“Love and intimacy are at the root of what makes us sick and what makes us well, what causes sadness and what brings happiness, what makes us suffer and what leads to healing… I am not aware of any other factor in medicine - not diet, not smoking, not exercise, not stress, not genetics, not drugs, not surgery - that has a greater impact on our quality of life, incidence of illness and premature death from all causes.”
~ Dr. Dean Ornish
I love that quote.
I mean, I love it when science backs me up.
As an intimacy coach, I see sex/love/intimacy as one of, if not the most, important factor governing happiness in one’s life.
When this area is thriving, it spills over and uplifts every other area of our lives. When it is lackluster, it sucks everything else into it like a vacuum.
Since we live in a culture that excommunicates sex—encouraging us to shunt off its power and deny its pleasure—it’s no wonder that people are confused.
On the one hand, there is a natural urge that arises to touch, to love, to enter into the deep, intense, surrendered space of conscious, sexual connection.

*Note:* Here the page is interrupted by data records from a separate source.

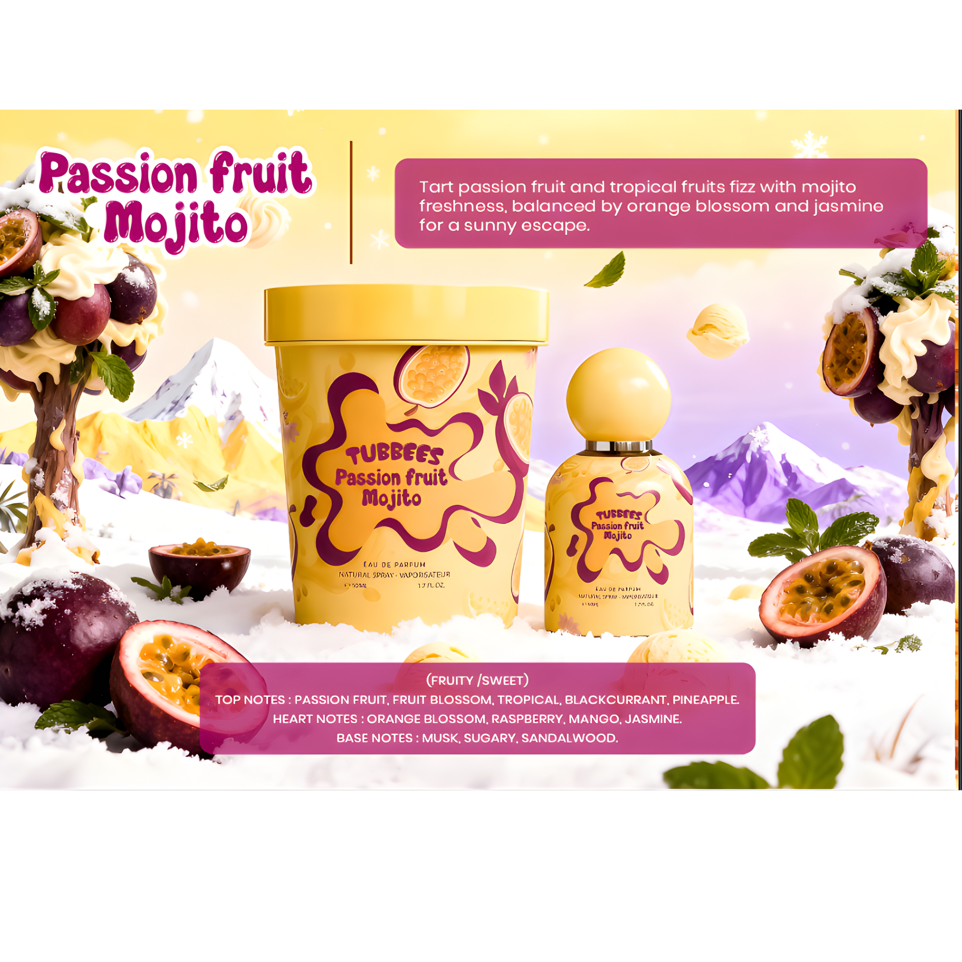 Experience a refreshing getaway with TUBBEES PASSION FRUIT MOJITO. Tart passion fruit and tropical fruits blend with mojito freshness, while orange blossom and jasmine add a sunny touch. Indulge in this 50ml bottle of exotic flavors for a burst of tropical escape.
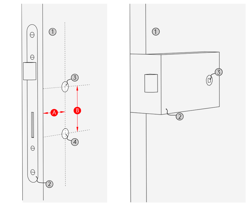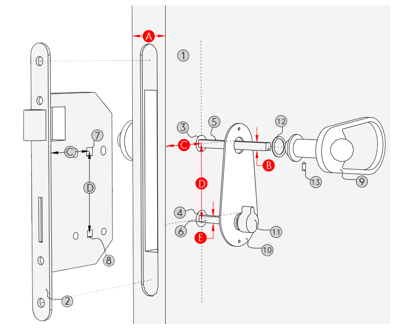 (A) The axis of the lock: distance between the edge of the door and the axis of the
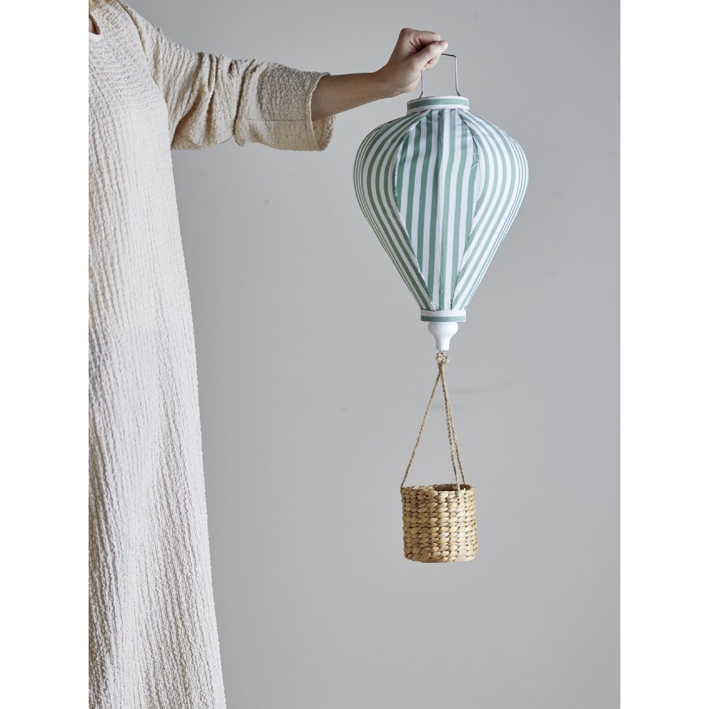 Dekorativní horkovzdušný balon POMP MOBILE od dánského výrobce nádherného nábytku BLOOMINGVILLE. Dekorace je vyrobena z polyesterové tkaniny s proužky v bílé a zelené barvě. Košík je vyroben z proutí, které dodá dětskému pokoji teplo. K balonu můžete také přidat malé světýlko na baterie. POMP MOBILE tedy může fungovat i jako malá lampička.
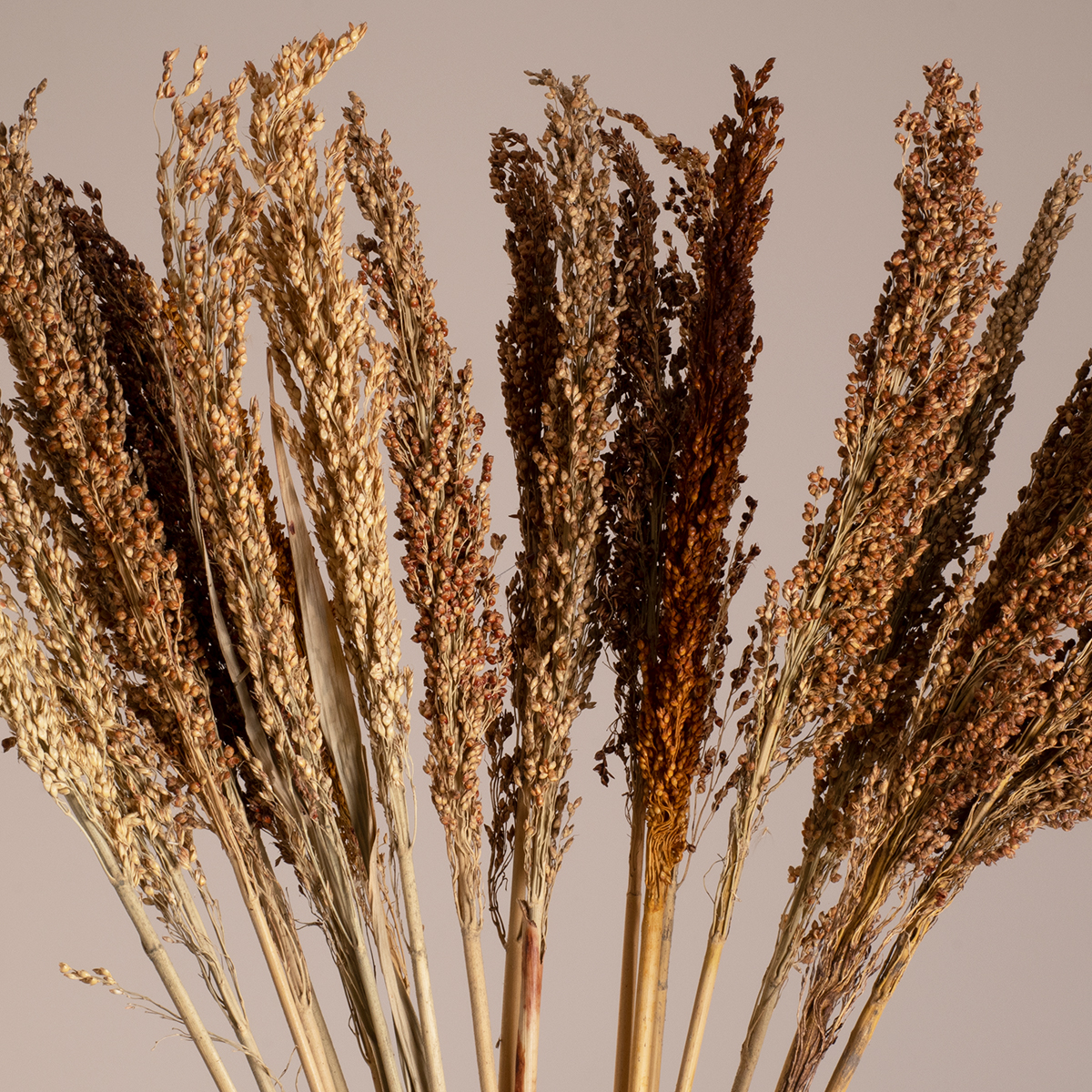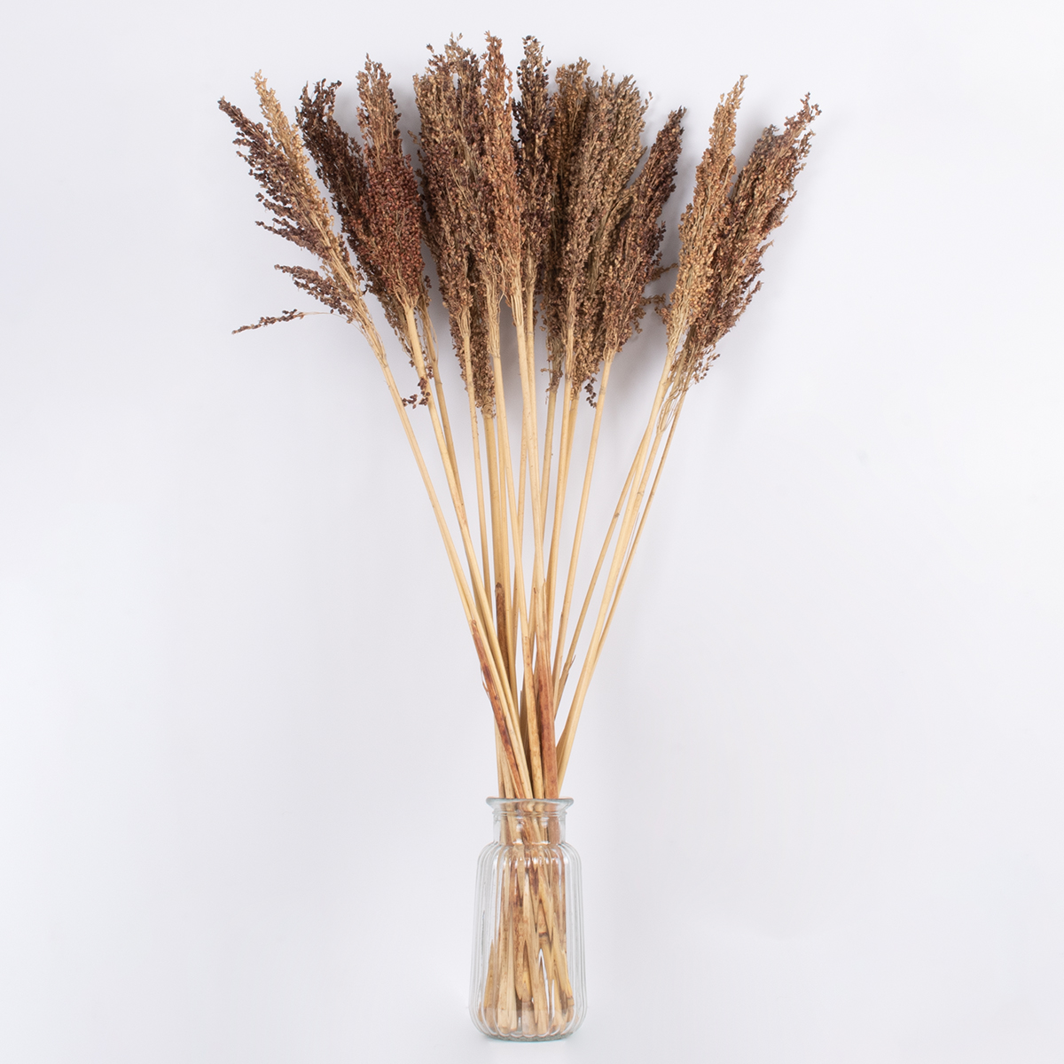 GloboStar® BROOMCORN 36555 Αποξηραμένο Φυτό Γλυκό Σόργο - Μπουκέτο Διακοσμητικών Κλαδιών Καφέ Υ100cm - Σετ 20 τμχ
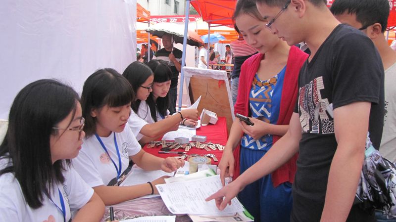 为了迎新,学院成立了志愿者服务队团队。志愿者们分工明确,迎新工作忙碌而有序。虽是阴雨绵绵的天气,但志愿者们的热情丝毫不减,他们身穿印有“西西”“华华”图案的白色文化衫,印有“大人哥”“小文妹”心形贴纸的logo,代表着学院对新同学的欢迎。每一个志愿者都认真地核对新生的注册信息,向新生和家长讲解报名注册流程并解答关于住宿、学费等问题,同时帮助家长们将行李放到安置点,细心地为他们奉上一杯热水,白色的身影穿梭于迎新各个地点。“拿着两个大箱子,本来想着不好搬,幸亏有志愿者们的帮忙,”一位来自广东的家长感谢道。
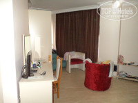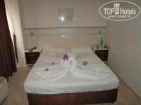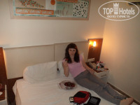 Мы путешествовали вдвоем с мужем. Приехали 22.05 и были в этом отеле до 5.06. Приехали в отель около 13 часов, вложили 20 баксов в паспорта, хотя можно было и не делать, на конечный результат не влияет, нас отправили обедать, после обеда надели браслеты и предложили номер 412, т.к. я просила не первый и не последний этажи. Номер нас не устроил, т.к. балкон выходил на крышу ресторана и на бассейн, а так как мы не любители по ночам слушать как люди возвращаются с дискотек, то хотелось, чтобы балкон выходил во внутренний двор. Таких номеров мало, это блок В и блок Е. Блок Е - это новоприобретенный блок, раньше это был отель Harmonia 3*. Нас поселили в блок В на второй этаж, номер 224. В целом номер неплох, небольших размеров, если туда ставить раскладушку, то прохода вообще не будет. Ремонта в нем еще не было, хотя остальные номера до 23 отремонтированы на всех этажах. Даже два знаменитых подвальных номера. Но в этом номере дверь в туалет упиралась в унитаз, поэтому открыть ее полностью было невозможно. И присутствовал неприятный запах канализации. Плюс ко всему нам мешало вечерняя анимация, т.к. из-за разницы во времени (4 часа) спать хотелось уже часов в 9. Даже при закрытом балконе если хочешь посмотреть телевизор, нужно было его делать погромче. Мы переночевали в этом номере одну ночь и пошли просить с утра другой номер. Парень на ресепшн сказал, что все заняты, долго что-то смотрел и только когда я начала повышать голос, подошел менеджер отеля, они пообщались на турецком и парень сообщил, что послезавтра нас переселят в блок Е. Вообще, менеджер постоянно за всем следит и если вы при нем будете немного повышать голос, ваши проблемы решаться быстрее. Он не обманул, нас переселили в блок Е. Несмотря на то, что это бывшая тройка, номера там намного просторнее, чем в блоках А, В, С, D. Плазменный телевизор с приставкой, более 3000 каналов, правда большинство на турецком)). И там намного тише, т.к он находится за блоком А и В.
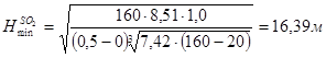 Предварительное значение минимальной высоты дымовой трубы, м,
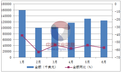 資料來(lái)源:中國(guó)海關(guān),中經(jīng)先略數(shù)據(jù)中心整理2016年1-6月中國(guó)棉花進(jìn)口金額統(tǒng)計(jì)圖

On the other hand, we have to fight against any internalized voices telling us that sex is a minor part of life or a relationship. Or worse, that there’s something bad about it.
Until they reconcile these dichotomies and seek to consciously heal them, most people remain stuck in indecision.
Yet, the impact of such indecision shows up in marriages that wilt and vitality that dulls.
Vulnerable, heart-opened sexual connection deepens love. It amplifies the power of it. If you want to have more energy, charisma, confidence, beauty, intelligence and overall flow in life, prioritize your intimate life.
Schedule sex dates: Yes. Slot them into your calendar to ensure they happen. Carve out time to emotionally connect and clear the air with your partner. Remember those hours of euphoric conversation you could have when you first got together? You can have that again—if you prioritize it.
Do you plan extended sex dates? Hours at a time? Weekends? Weeks?
On a scale of 1-10, how much do you prioritize your intimate connection? Where would you like it to be?
I know where I’d like to see you have it: at an 8+.
Even if you are single, you can cultivate your own intimate growth: physically and emotionally and psychologically by working on issues that you know keep you from going deeper.
When you put your intimate life near the top of your priority list, it will give back to you miraculous, life-changing gifts.